- **WHAT TO PRODUCE**
What is needed is a verbatim copy of every record below, with the pictures left out.

- **RECORDS PROVIDED**
□ □ □ □ □ □ □
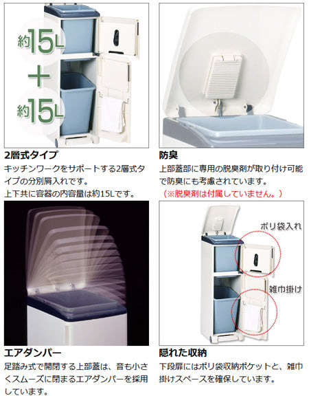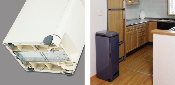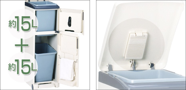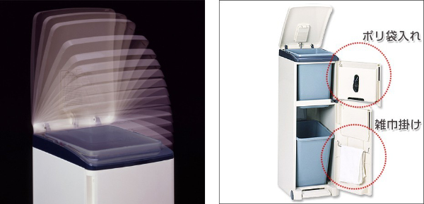 ![]() エアダンパー 足踏み式で開閉する上部蓋は、音も小さくスムーズに閉まるエアダンパーを採用しています。 |
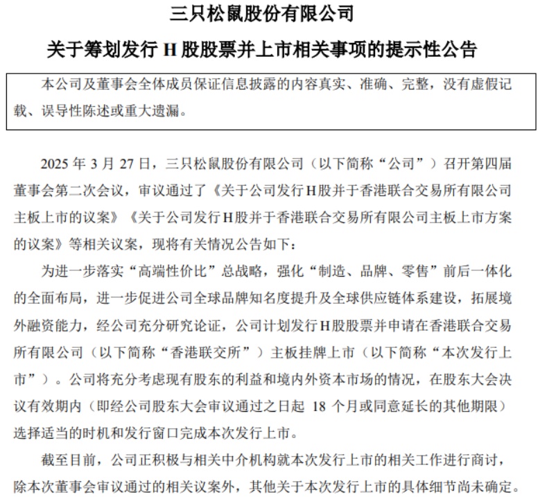 智通财经APP获悉,3月27日,三只松鼠(300783.SZ)公告称,公司计划发行H股股票并申请在香港联交所主板挂牌上市,以进一步落实“高端性价比”总战略,提升全球品牌知名度,建设全球供应链体系,并拓展境外融资能力。公司将充分考虑现有股东利益和境内外资本市场情况,在股东大会决议有效期内选择适当时机和发行窗口完成本次发行上市。目前,公司正积极与相关中介机构进行商讨,具体细节尚未确定。
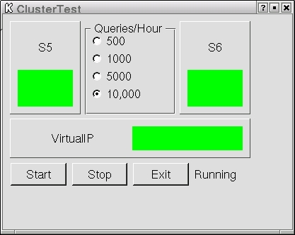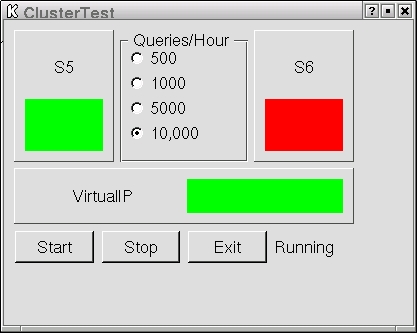 We can now start Heartbeat on both servers. The Heartbeat documentation includes some information about testing the basic setup, so we won't repeat that. With two heartbeat media, Ethernet and serial, connected, you should see six heartbeat processes running. To verify failover, we did several tests. To provide a client for testing, we created a simple KDE application that queries the servers and displays the state of the connection. A real client would query only the virtual IP in this instance, but we query all three IPs for illustration purposes. We send 10,000 queries per hour for this test (Figure 4).
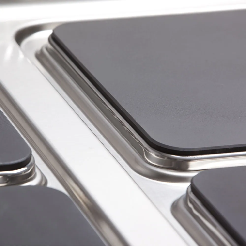 - Gemaakt van AISI 304 roestvrij staal, diepgetrokken bovenblad (15/10 mm), verstelbare poten.
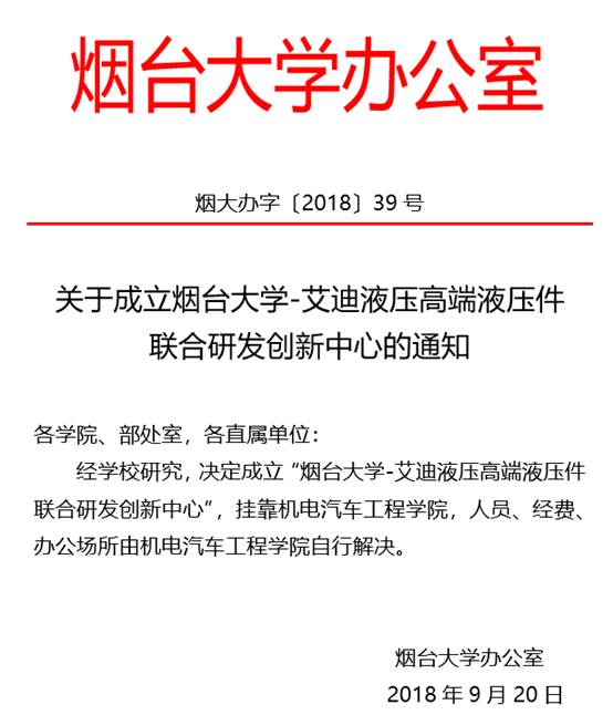 350vip浦京集团官网-艾迪液压高端液压件联合研发创新中心是350vip浦京集团官网骨干教师与烟台艾迪液压科技有限公司联合成立的高端液压件研发机构。
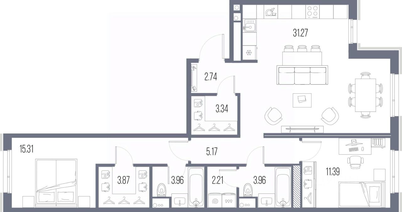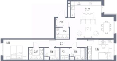 2-комн. квартира с предчистовой отделкой в ЖК "LEGENDA Васильевского" на 7 этаже. Общая площадь: 83.22 кв.м. Высота потолков 2.72 м.
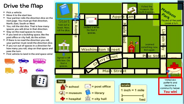- You, roll the dot dice. That is how many spaces you will drive in that direction.
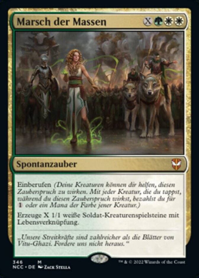 | Rules | Convoke (Your creatures can help cast this spell. Each creature you tap while casting this spell pays for or one mana of that creature's color.) Create X 1/1 white Soldier creature tokens with lifelink. |
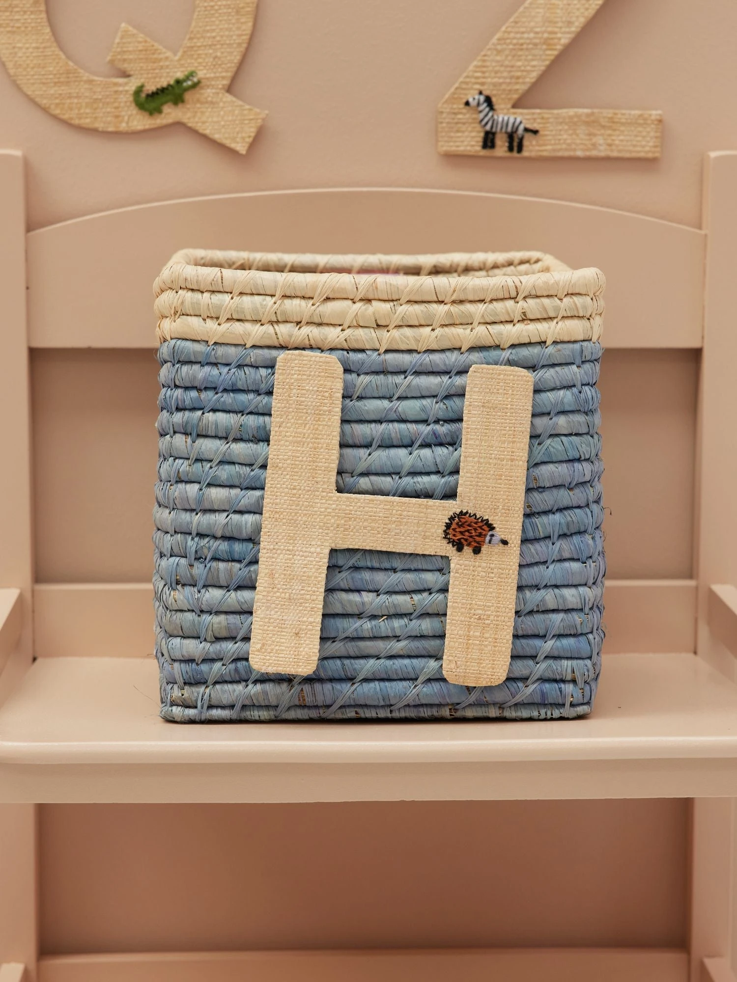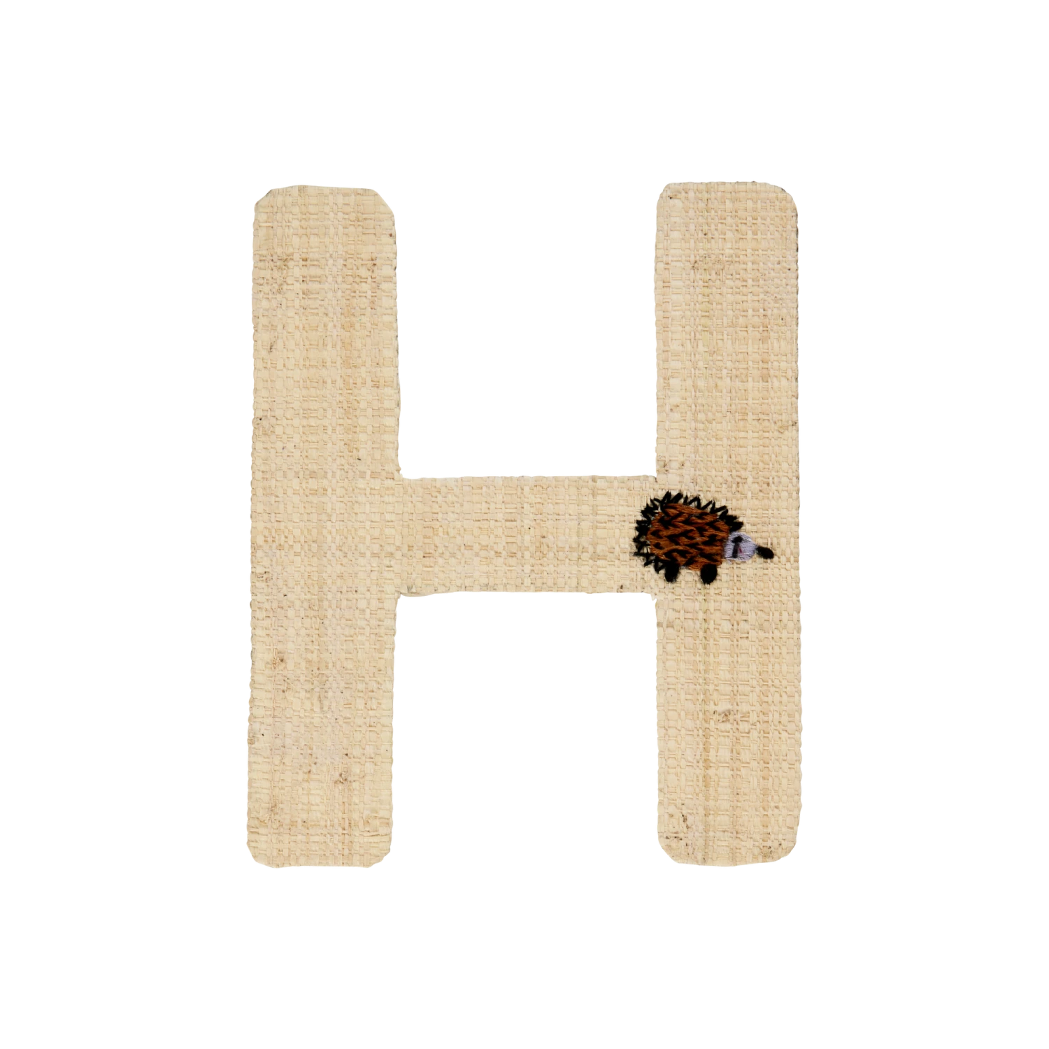 Super cute H in natural colored raffia with a small, embroidered pocurpine. Our raffia letters have a sticky backside, so you can hang them anywhere you want… doors, closets or even raffia baskets! Mix and match the letters and write whatever you want… or assign each family member their own basket in the hallway – the sky is the limit. The letters are handmade from the natural and sustainable material raffia, so you will never find two identical letters – isn’t that just charming?!
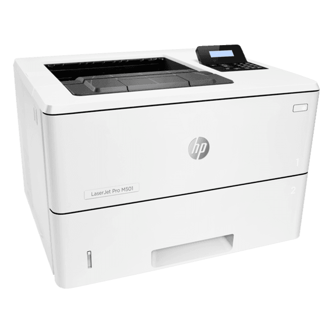 Быстрота печати, высокая производительность и экономичность – вот, что вы получаете, используя принтер лазерный HP LaserJet Pro M501dn. Это устройство для черно-белой печати, способное выдать за минуту до 45 страниц с разрешением печати в 600×600 dpi. А количество напечатанных на принтере страниц в месяц может достигать 100000, ресурс черного картриджа составляет порядка 9000 страниц. Прямая печать позволит распечатывать фото сразу с камеры или с флеш-накопителя, что значительно экономит время и силы. HP LaserJet Pro M501dn допускает возможность использования таких носителей как этикетки, пленки, конверты, главное, чтобы плотность их варьировалась в диапазоне 60 — 220 г/м2. Аппарат поддерживает мобильную технологию печати Apple AirPrint (iOS).
□ □ □ □ □ □ □
- **FINISHED TASK**
 ![]() エアダンパー 足踏み式で開閉する上部蓋は、音も小さくスムーズに閉まるエアダンパーを採用しています。 |
 智通财经APP获悉,3月27日,三只松鼠(300783.SZ)公告称,公司计划发行H股股票并申请在香港联交所主板挂牌上市,以进一步落实“高端性价比”总战略,提升全球品牌知名度,建设全球供应链体系,并拓展境外融资能力。公司将充分考虑现有股东利益和境内外资本市场情况,在股东大会决议有效期内选择适当时机和发行窗口完成本次发行上市。目前,公司正积极与相关中介机构进行商讨,具体细节尚未确定。
 We can now start Heartbeat on both servers. The Heartbeat documentation includes some information about testing the basic setup, so we won't repeat that. With two heartbeat media, Ethernet and serial, connected, you should see six heartbeat processes running. To verify failover, we did several tests. To provide a client for testing, we created a simple KDE application that queries the servers and displays the state of the connection. A real client would query only the virtual IP in this instance, but we query all three IPs for illustration purposes. We send 10,000 queries per hour for this test (Figure 4).
 - Gemaakt van AISI 304 roestvrij staal, diepgetrokken bovenblad (15/10 mm), verstelbare poten.
 350vip浦京集团官网-艾迪液压高端液压件联合研发创新中心是350vip浦京集团官网骨干教师与烟台艾迪液压科技有限公司联合成立的高端液压件研发机构。
 2-комн. квартира с предчистовой отделкой в ЖК "LEGENDA Васильевского" на 7 этаже. Общая площадь: 83.22 кв.м. Высота потолков 2.72 м.
- You, roll the dot dice. That is how many spaces you will drive in that direction.
 | Rules | Convoke (Your creatures can help cast this spell. Each creature you tap while casting this spell pays for or one mana of that creature's color.) Create X 1/1 white Soldier creature tokens with lifelink. |
 Super cute H in natural colored raffia with a small, embroidered pocurpine. Our raffia letters have a sticky backside, so you can hang them anywhere you want… doors, closets or even raffia baskets! Mix and match the letters and write whatever you want… or assign each family member their own basket in the hallway – the sky is the limit. The letters are handmade from the natural and sustainable material raffia, so you will never find two identical letters – isn’t that just charming?!
 Быстрота печати, высокая производительность и экономичность – вот, что вы получаете, используя принтер лазерный HP LaserJet Pro M501dn. Это устройство для черно-белой печати, способное выдать за минуту до 45 страниц с разрешением печати в 600×600 dpi. А количество напечатанных на принтере страниц в месяц может достигать 100000, ресурс черного картриджа составляет порядка 9000 страниц. Прямая печать позволит распечатывать фото сразу с камеры или с флеш-накопителя, что значительно экономит время и силы. HP LaserJet Pro M501dn допускает возможность использования таких носителей как этикетки, пленки, конверты, главное, чтобы плотность их варьировалась в диапазоне 60 — 220 г/м2. Аппарат поддерживает мобильную технологию печати Apple AirPrint (iOS).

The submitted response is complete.